▶ **REQUIREMENT**
Below are some records. Retype exactly the lines from the one containing "Мы установили VRF-систему." through the one containing "在教学楼C栋205教室举行的", both included, skipping every picture.

▶ **DATASET RECORDS**
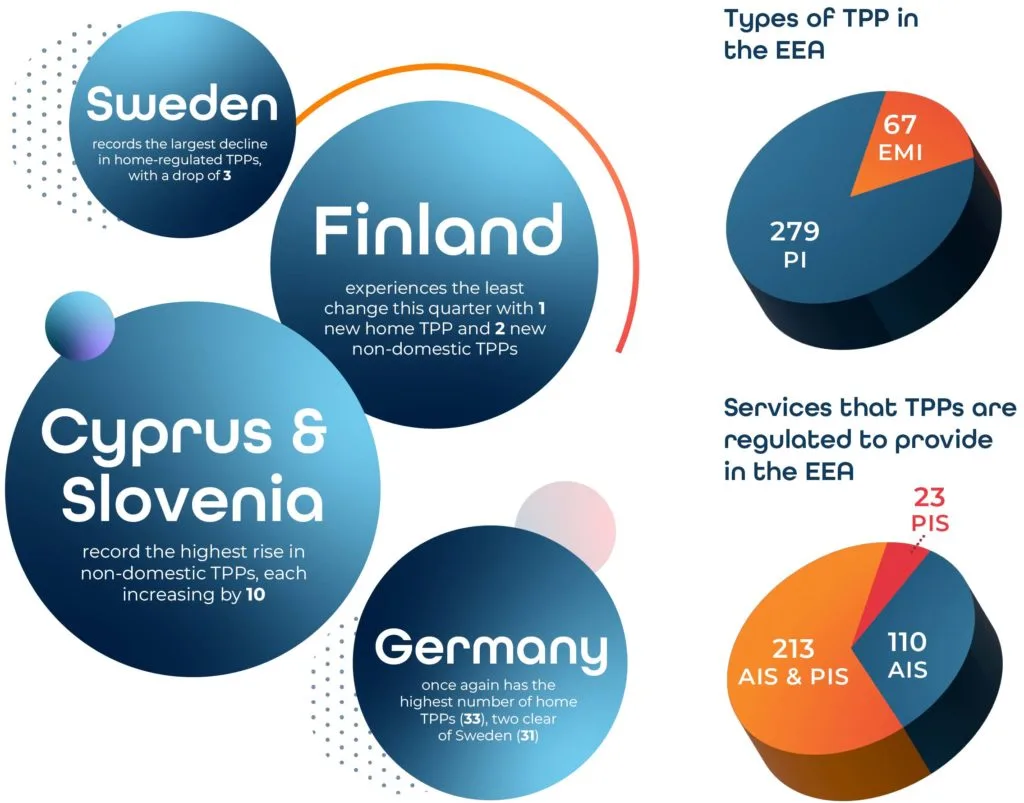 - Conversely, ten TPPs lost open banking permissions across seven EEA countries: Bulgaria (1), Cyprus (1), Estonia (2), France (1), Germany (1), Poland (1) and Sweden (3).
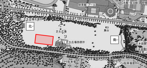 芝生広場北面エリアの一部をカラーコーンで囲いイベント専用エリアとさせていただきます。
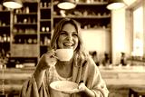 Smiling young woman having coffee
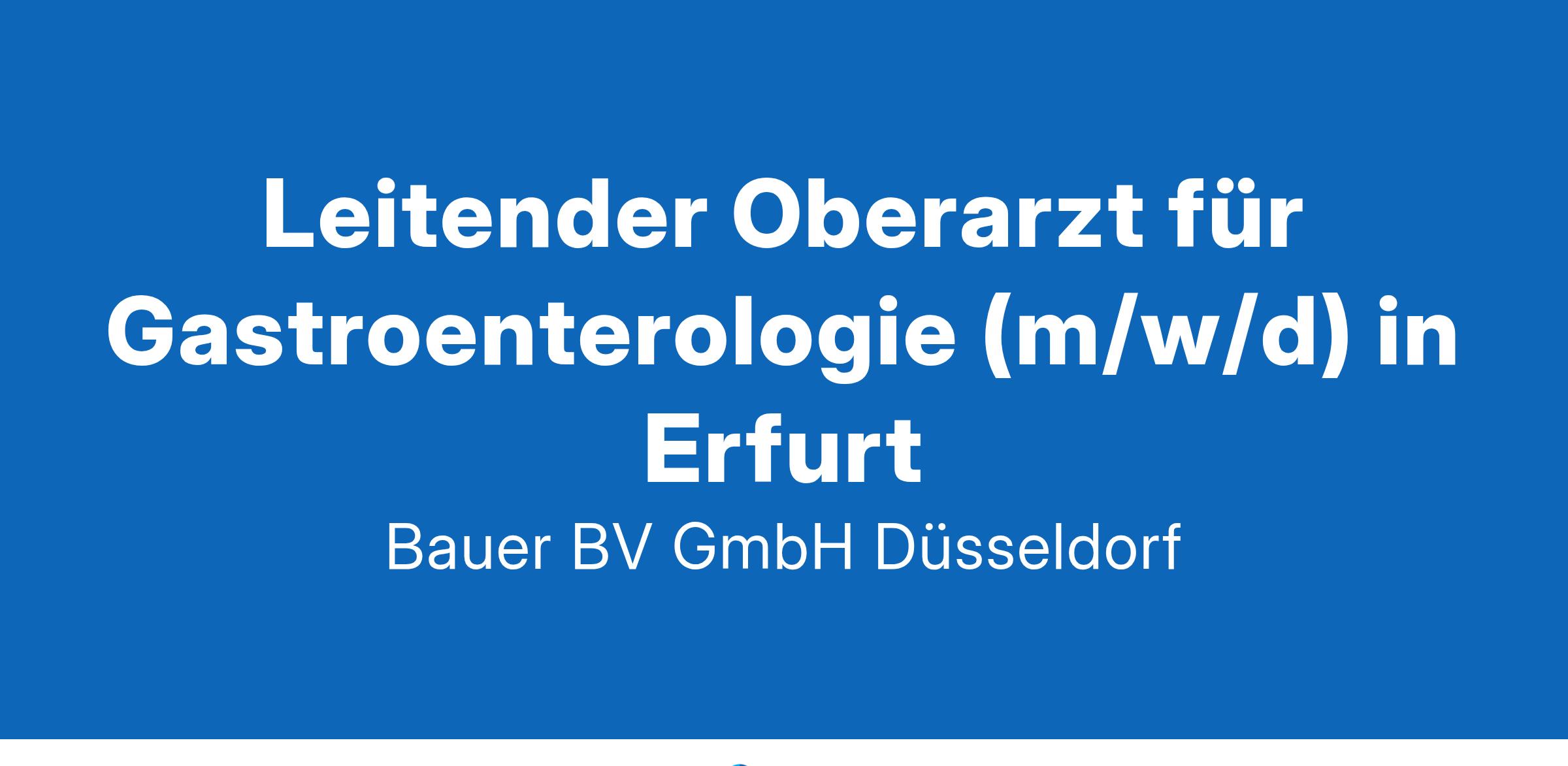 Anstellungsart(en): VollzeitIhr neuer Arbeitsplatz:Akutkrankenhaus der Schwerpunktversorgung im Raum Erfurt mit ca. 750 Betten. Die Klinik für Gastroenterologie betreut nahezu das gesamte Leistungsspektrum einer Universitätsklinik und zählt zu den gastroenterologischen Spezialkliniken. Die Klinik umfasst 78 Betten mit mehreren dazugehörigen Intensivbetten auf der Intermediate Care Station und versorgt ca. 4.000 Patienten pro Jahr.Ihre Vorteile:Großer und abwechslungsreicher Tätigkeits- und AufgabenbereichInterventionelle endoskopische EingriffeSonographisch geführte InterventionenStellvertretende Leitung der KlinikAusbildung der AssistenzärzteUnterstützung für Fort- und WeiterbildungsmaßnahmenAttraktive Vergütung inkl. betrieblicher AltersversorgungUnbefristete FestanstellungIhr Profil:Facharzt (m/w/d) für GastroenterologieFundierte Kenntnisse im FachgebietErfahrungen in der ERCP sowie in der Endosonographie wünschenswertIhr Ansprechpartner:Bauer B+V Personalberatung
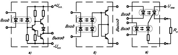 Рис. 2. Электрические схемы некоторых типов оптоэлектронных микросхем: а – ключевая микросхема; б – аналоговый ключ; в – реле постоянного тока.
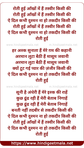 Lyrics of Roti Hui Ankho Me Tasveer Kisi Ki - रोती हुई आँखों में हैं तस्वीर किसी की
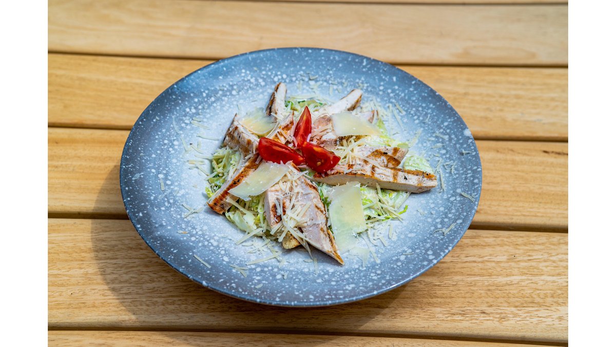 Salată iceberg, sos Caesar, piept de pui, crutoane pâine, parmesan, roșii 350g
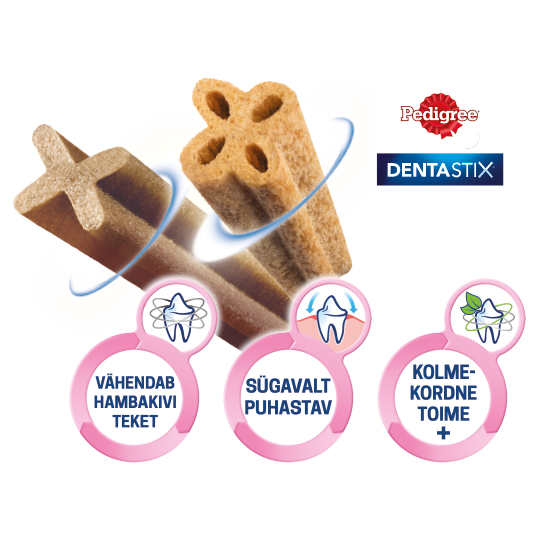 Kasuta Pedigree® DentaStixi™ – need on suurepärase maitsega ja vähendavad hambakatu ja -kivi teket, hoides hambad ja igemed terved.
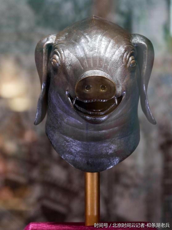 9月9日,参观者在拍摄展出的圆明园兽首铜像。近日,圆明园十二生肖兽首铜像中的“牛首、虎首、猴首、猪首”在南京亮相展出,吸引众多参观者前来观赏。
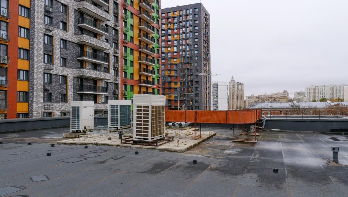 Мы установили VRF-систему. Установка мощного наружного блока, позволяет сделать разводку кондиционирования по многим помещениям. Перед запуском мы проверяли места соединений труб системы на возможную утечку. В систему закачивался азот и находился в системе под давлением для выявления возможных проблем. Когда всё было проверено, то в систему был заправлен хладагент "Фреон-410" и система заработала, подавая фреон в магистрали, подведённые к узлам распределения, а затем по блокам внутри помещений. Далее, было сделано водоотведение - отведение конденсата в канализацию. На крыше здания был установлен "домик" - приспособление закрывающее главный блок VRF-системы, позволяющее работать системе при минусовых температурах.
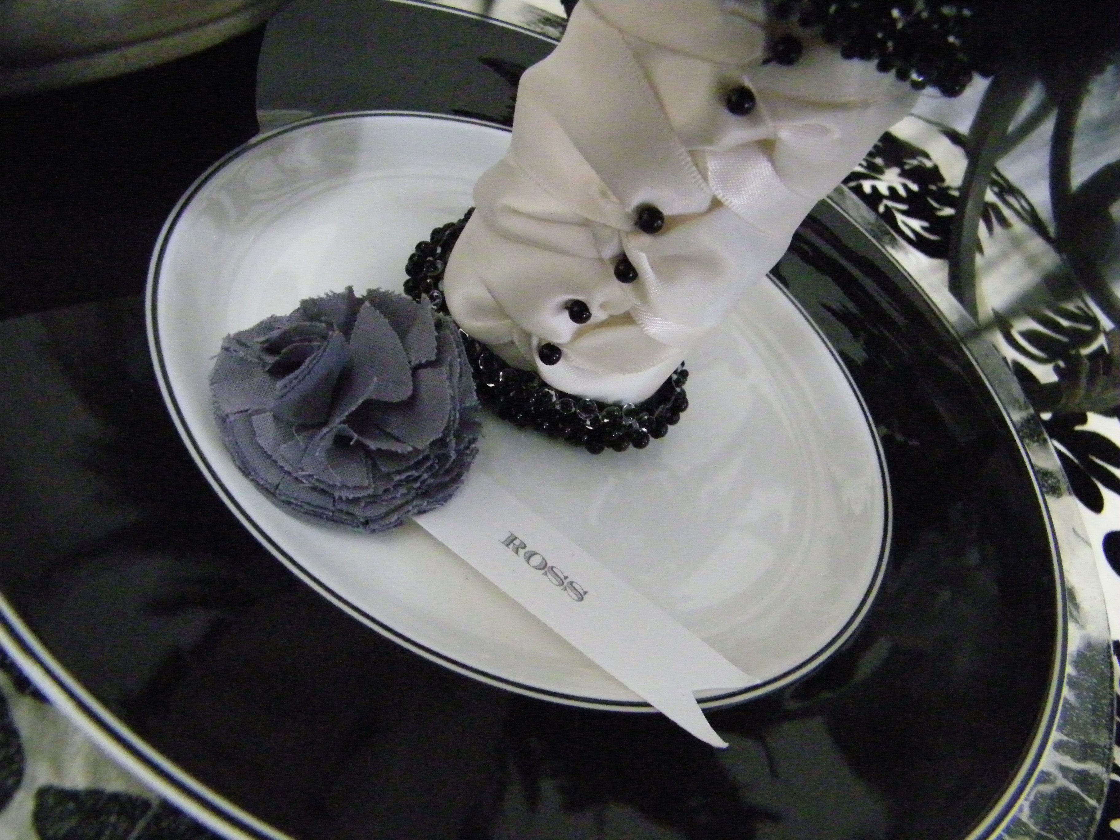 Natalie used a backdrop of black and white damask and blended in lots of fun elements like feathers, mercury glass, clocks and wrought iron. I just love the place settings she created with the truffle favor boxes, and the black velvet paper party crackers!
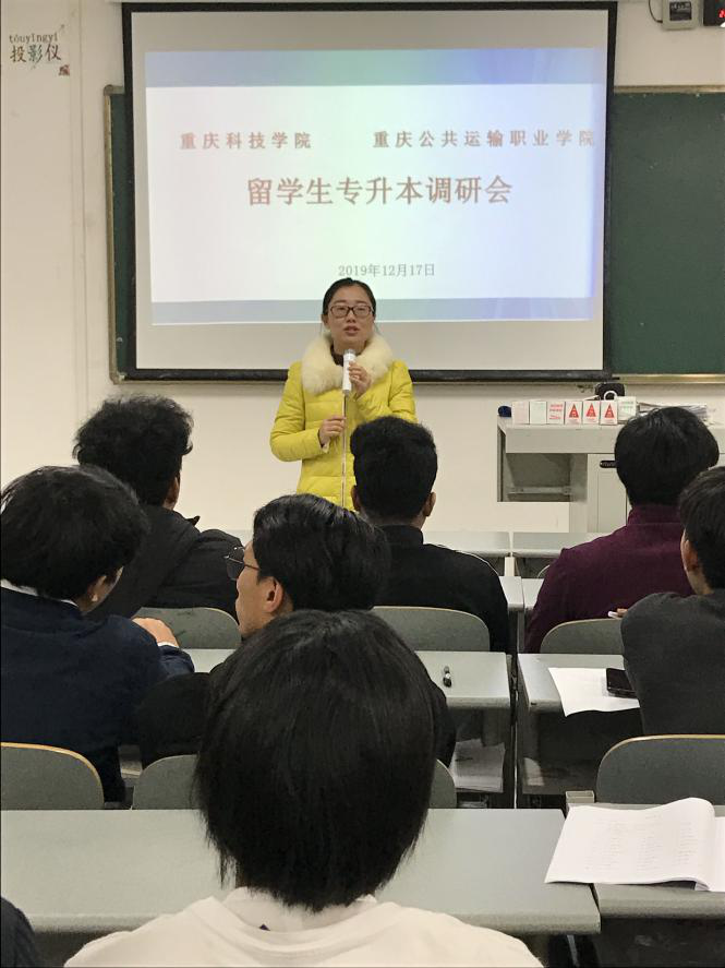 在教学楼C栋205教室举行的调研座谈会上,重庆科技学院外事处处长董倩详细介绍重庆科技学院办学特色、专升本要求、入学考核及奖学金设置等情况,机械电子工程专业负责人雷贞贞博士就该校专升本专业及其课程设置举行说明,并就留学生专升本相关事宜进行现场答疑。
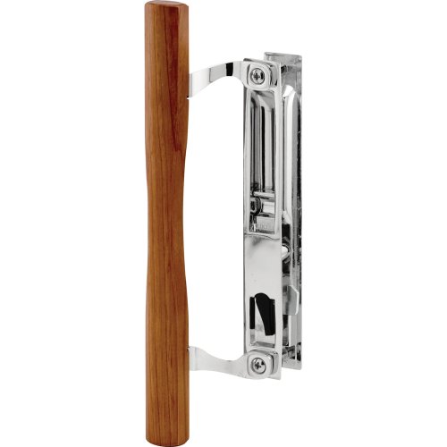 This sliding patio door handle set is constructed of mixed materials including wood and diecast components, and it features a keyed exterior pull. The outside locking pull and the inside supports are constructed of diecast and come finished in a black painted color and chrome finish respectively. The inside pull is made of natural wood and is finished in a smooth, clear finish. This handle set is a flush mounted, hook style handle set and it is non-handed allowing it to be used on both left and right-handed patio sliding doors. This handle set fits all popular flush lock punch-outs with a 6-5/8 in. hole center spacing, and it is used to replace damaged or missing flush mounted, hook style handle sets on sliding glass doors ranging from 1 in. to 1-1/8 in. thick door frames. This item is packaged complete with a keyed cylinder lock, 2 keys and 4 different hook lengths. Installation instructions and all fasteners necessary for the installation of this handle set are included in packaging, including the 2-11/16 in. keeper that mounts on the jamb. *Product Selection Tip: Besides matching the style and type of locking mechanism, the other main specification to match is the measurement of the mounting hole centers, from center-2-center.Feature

▶ **OUTPUT OF THE EXERCISE**
 Мы установили VRF-систему. Установка мощного наружного блока, позволяет сделать разводку кондиционирования по многим помещениям. Перед запуском мы проверяли места соединений труб системы на возможную утечку. В систему закачивался азот и находился в системе под давлением для выявления возможных проблем. Когда всё было проверено, то в систему был заправлен хладагент "Фреон-410" и система заработала, подавая фреон в магистрали, подведённые к узлам распределения, а затем по блокам внутри помещений. Далее, было сделано водоотведение - отведение конденсата в канализацию. На крыше здания был установлен "домик" - приспособление закрывающее главный блок VRF-системы, позволяющее работать системе при минусовых температурах.
 Natalie used a backdrop of black and white damask and blended in lots of fun elements like feathers, mercury glass, clocks and wrought iron. I just love the place settings she created with the truffle favor boxes, and the black velvet paper party crackers!
 在教学楼C栋205教室举行的调研座谈会上,重庆科技学院外事处处长董倩详细介绍重庆科技学院办学特色、专升本要求、入学考核及奖学金设置等情况,机械电子工程专业负责人雷贞贞博士就该校专升本专业及其课程设置举行说明,并就留学生专升本相关事宜进行现场答疑。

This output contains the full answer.